*TASK PROMPT:*
Reproduce each entry exactly as it reads. Leave the images out.

--- START ---

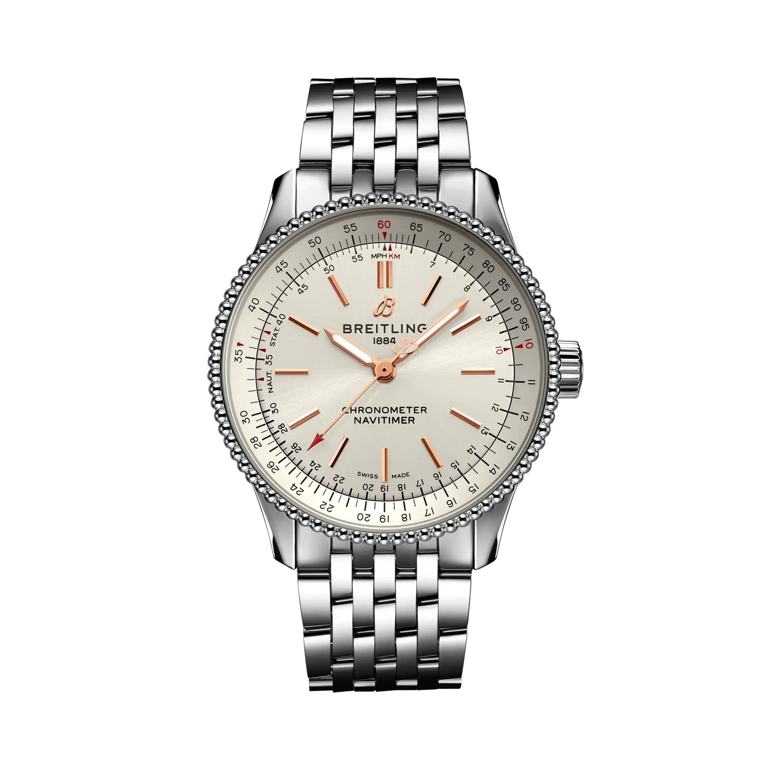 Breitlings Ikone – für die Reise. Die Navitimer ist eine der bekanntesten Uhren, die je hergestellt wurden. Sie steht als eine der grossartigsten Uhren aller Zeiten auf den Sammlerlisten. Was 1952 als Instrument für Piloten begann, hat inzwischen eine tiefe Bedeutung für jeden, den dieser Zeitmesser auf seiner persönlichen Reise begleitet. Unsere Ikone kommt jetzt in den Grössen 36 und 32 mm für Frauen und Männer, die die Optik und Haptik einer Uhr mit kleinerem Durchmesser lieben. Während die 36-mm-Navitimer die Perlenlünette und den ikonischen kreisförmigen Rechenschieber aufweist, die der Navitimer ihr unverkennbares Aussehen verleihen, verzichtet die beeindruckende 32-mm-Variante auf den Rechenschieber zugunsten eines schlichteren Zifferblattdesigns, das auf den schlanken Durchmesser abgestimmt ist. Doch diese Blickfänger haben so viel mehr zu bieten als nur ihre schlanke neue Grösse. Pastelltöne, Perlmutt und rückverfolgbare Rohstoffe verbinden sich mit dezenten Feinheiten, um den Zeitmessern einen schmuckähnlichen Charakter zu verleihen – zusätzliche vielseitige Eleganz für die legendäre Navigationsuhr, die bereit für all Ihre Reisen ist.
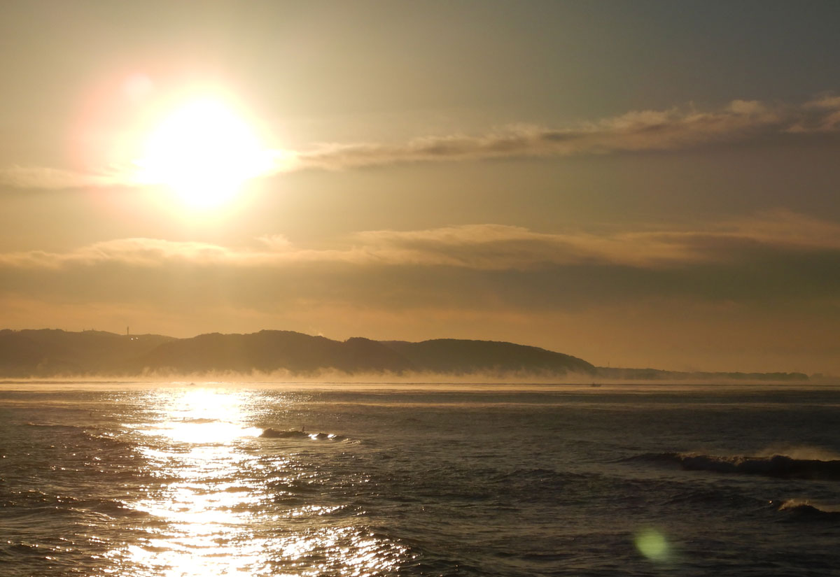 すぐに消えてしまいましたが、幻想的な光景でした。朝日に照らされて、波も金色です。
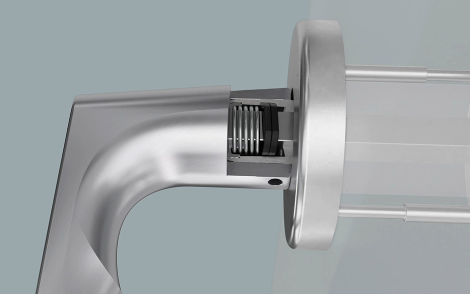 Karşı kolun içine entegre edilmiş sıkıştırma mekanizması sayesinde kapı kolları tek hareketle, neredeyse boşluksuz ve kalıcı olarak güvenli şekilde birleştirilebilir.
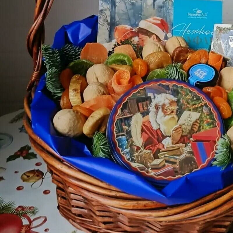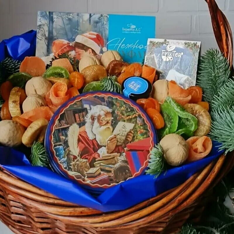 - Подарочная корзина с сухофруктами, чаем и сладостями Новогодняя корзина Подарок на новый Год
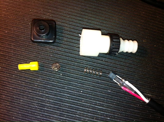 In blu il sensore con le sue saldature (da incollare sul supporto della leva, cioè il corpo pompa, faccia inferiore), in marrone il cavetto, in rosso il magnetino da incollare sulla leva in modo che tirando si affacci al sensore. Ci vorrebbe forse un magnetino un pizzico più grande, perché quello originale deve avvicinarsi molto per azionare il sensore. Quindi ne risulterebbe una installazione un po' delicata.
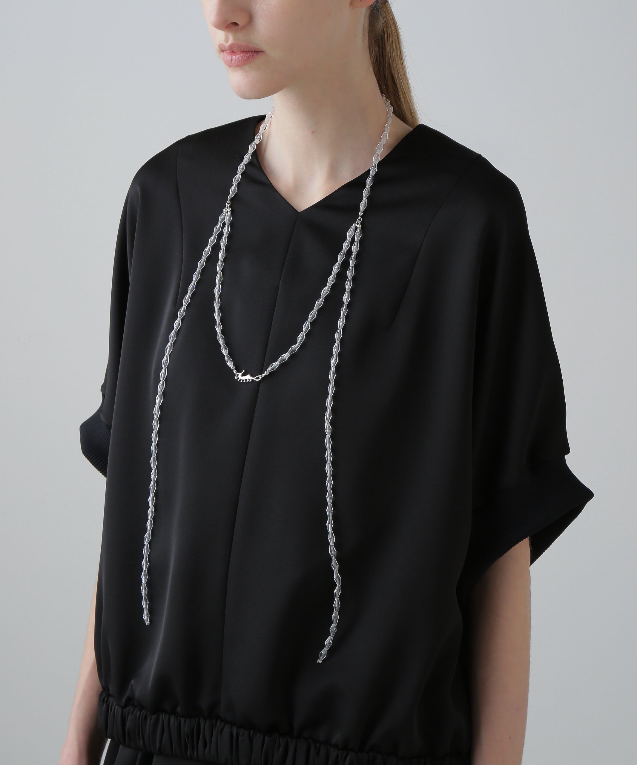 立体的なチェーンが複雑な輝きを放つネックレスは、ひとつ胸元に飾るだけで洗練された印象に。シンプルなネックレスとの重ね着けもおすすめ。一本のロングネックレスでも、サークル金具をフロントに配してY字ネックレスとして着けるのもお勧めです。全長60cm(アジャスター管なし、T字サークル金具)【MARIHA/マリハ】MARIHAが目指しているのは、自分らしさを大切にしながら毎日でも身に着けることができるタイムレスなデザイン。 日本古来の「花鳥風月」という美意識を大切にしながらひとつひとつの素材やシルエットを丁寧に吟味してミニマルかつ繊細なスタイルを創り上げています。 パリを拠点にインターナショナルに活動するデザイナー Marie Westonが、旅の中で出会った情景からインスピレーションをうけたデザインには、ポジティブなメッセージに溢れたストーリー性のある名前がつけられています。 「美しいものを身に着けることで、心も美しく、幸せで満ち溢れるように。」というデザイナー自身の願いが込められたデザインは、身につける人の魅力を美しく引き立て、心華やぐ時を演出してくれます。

--- END ---

*SOLUTION TO THIS TASK:*
 Breitlings Ikone – für die Reise. Die Navitimer ist eine der bekanntesten Uhren, die je hergestellt wurden. Sie steht als eine der grossartigsten Uhren aller Zeiten auf den Sammlerlisten. Was 1952 als Instrument für Piloten begann, hat inzwischen eine tiefe Bedeutung für jeden, den dieser Zeitmesser auf seiner persönlichen Reise begleitet. Unsere Ikone kommt jetzt in den Grössen 36 und 32 mm für Frauen und Männer, die die Optik und Haptik einer Uhr mit kleinerem Durchmesser lieben. Während die 36-mm-Navitimer die Perlenlünette und den ikonischen kreisförmigen Rechenschieber aufweist, die der Navitimer ihr unverkennbares Aussehen verleihen, verzichtet die beeindruckende 32-mm-Variante auf den Rechenschieber zugunsten eines schlichteren Zifferblattdesigns, das auf den schlanken Durchmesser abgestimmt ist. Doch diese Blickfänger haben so viel mehr zu bieten als nur ihre schlanke neue Grösse. Pastelltöne, Perlmutt und rückverfolgbare Rohstoffe verbinden sich mit dezenten Feinheiten, um den Zeitmessern einen schmuckähnlichen Charakter zu verleihen – zusätzliche vielseitige Eleganz für die legendäre Navigationsuhr, die bereit für all Ihre Reisen ist.
 すぐに消えてしまいましたが、幻想的な光景でした。朝日に照らされて、波も金色です。
 Karşı kolun içine entegre edilmiş sıkıştırma mekanizması sayesinde kapı kolları tek hareketle, neredeyse boşluksuz ve kalıcı olarak güvenli şekilde birleştirilebilir.
 - Подарочная корзина с сухофруктами, чаем и сладостями Новогодняя корзина Подарок на новый Год
 In blu il sensore con le sue saldature (da incollare sul supporto della leva, cioè il corpo pompa, faccia inferiore), in marrone il cavetto, in rosso il magnetino da incollare sulla leva in modo che tirando si affacci al sensore. Ci vorrebbe forse un magnetino un pizzico più grande, perché quello originale deve avvicinarsi molto per azionare il sensore. Quindi ne risulterebbe una installazione un po' delicata.
 立体的なチェーンが複雑な輝きを放つネックレスは、ひとつ胸元に飾るだけで洗練された印象に。シンプルなネックレスとの重ね着けもおすすめ。一本のロングネックレスでも、サークル金具をフロントに配してY字ネックレスとして着けるのもお勧めです。全長60cm(アジャスター管なし、T字サークル金具)【MARIHA/マリハ】MARIHAが目指しているのは、自分らしさを大切にしながら毎日でも身に着けることができるタイムレスなデザイン。 日本古来の「花鳥風月」という美意識を大切にしながらひとつひとつの素材やシルエットを丁寧に吟味してミニマルかつ繊細なスタイルを創り上げています。 パリを拠点にインターナショナルに活動するデザイナー Marie Westonが、旅の中で出会った情景からインスピレーションをうけたデザインには、ポジティブなメッセージに溢れたストーリー性のある名前がつけられています。 「美しいものを身に着けることで、心も美しく、幸せで満ち溢れるように。」というデザイナー自身の願いが込められたデザインは、身につける人の魅力を美しく引き立て、心華やぐ時を演出してくれます。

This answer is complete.